The data used to determine the porosities, transmissivities, hydraulic conductivities and storage coefficients are the data from the 106 pumping test sheets collected in the various Territorial Hydraulics Departments (DTH) in the basin. Thus, the model adopted for determining the porosity of cracks is the Warren and Root model, also called the Double porosity model (Thiery et al., 1982; Koïta, 2010). According to Warren and Root the aquifer system is characterized by two factors. These are the ratio (F) and the interporosity flow parameter (ε). The ratio F is the ratio of the product of the porosity by the compressibility of the fractures compared to the product of the porosity by the compressibility of the system (Equation (4)). The ratio F (Equation (6)) is also determined by plotting the curve of the drawdowns as a function of time in semi-logarithmic coordinates. Then, one determines the porosity ( ${\varphi }_F$ ) after having chosen the Coefficient of compressibility of water and that of compressibility of the matrix (Faillat et al., 1998; Thiery et al., 1982). Thus the ratio F is established as follows:

$F=\frac{{\varphi }_F{C}_e}{{\varphi }_F{C}_e+\left(1-{\varphi }_F\right)C_{ma}}$ (4)

From Equation (4) we get the crack porosity ${\varphi }_F$

${\varphi }_F=\frac{F{C}_{ma}}{C_e+F{C}_{ma}-F{C}_e}$ (5)

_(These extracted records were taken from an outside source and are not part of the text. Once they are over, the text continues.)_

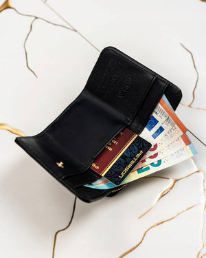 Šis maks ir ne tikai kompakts, bet arī funkcionāls, ar pietiekami daudz vietas jūsu kartēm. Turklāt integrētā RFID aizsardzība palīdzēs aizsargāt jūsu personas datus no neatļautas skenēšanas.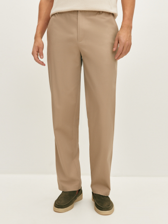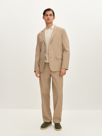 Бежевые брюки в стиле casual комфортного прямого силуэта выполнены из эластичного хлопка и отлично подойдут для весенне-летнего сезона. Средняя посадка и притачной пояс на резинке со шлевками под ремень обеспечивают удобную посадку. Модель с функциональными боковыми наклонными карманами. Брюки гармонично дополнят пиджак из комплекта, обеспечивая стильный образ и комфорт на каждый день.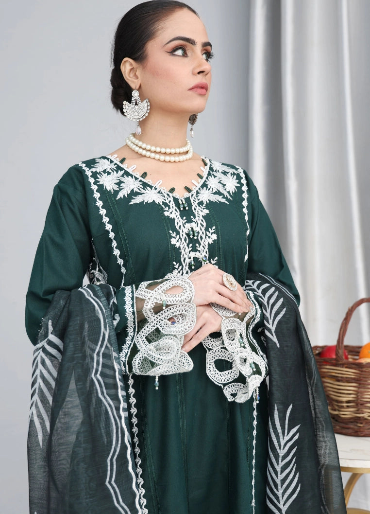 This graceful bottle green 3-piece suit showcases timeless elegance blended with classic Pakistani craftsmanship. The winter cotton shirt is beautifully adorned with intricate white embroidery on the neckline, sleeves, and hem, creating a rich contrast and a refined festive look. The straight-cut silhouette with detailed borders adds sophistication while ensuring comfortable winter wear.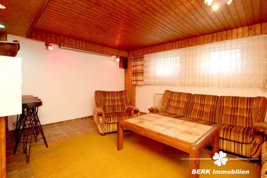 Weitere Highlights sind die sonnige Terrasse mit ca. 25 m² Fläche, zwei große Garagen – eine davon geeignet für einen Wohnwagen – samt Anbau für Gartengeräte und einer 7.000 L-Zisterne, die Gartenhütte mit Freisitz, ein separates Gemüsebeet sowie der vollunterkellerte Bereich mit vielfältigen Nutzungsmöglichkeiten. [. . . weitere Informationen erhalten Sie im Exposé, das Sie gerne direkt über unsere Homepage unter http://www.berk-online.de anfordern können. . . ]

$F={10}^{\frac{-{\Delta }_S}{C}}$ (6)

With

${\varphi }_F$ Porosity of fractures and connected pores;

C_e: Water compressibility coefficient;

C_ma Matrix compressibility coefficient.

Precise studies have made it possible to draw up the values of C_ma according to the rock matrix and of C_eaccording to the temperature of the water (Table 1). Under usual conditions, the temperature of water deposits is around 30˚C (Thiery et al., 1982). The corresponding coefficient of compressibility of water is close to $C_e=4.6\times {10}^{-5}{\text{m}}^3/{\text{m}}^3/\text{bar}$ either $C_e=4.508{\text{m}}^{\text{2}}/\text{kg}$ .

The transmissivities were determined using the Cooper-Jacob (1946) method. Indeed, the method of the rise of Cooper-Jacob allows the calculation of the transmissivity (T) by interpretation of the equation of THEIS -JACOB with the following data:

­ t_is time elapsed from the start of pumping until it stops;

­ t’ time counted after this stop;

­ s’ continuation of the recording of the drawdown in the control piezometer;

­ Q pumping flow rate value that created the initial drawdown.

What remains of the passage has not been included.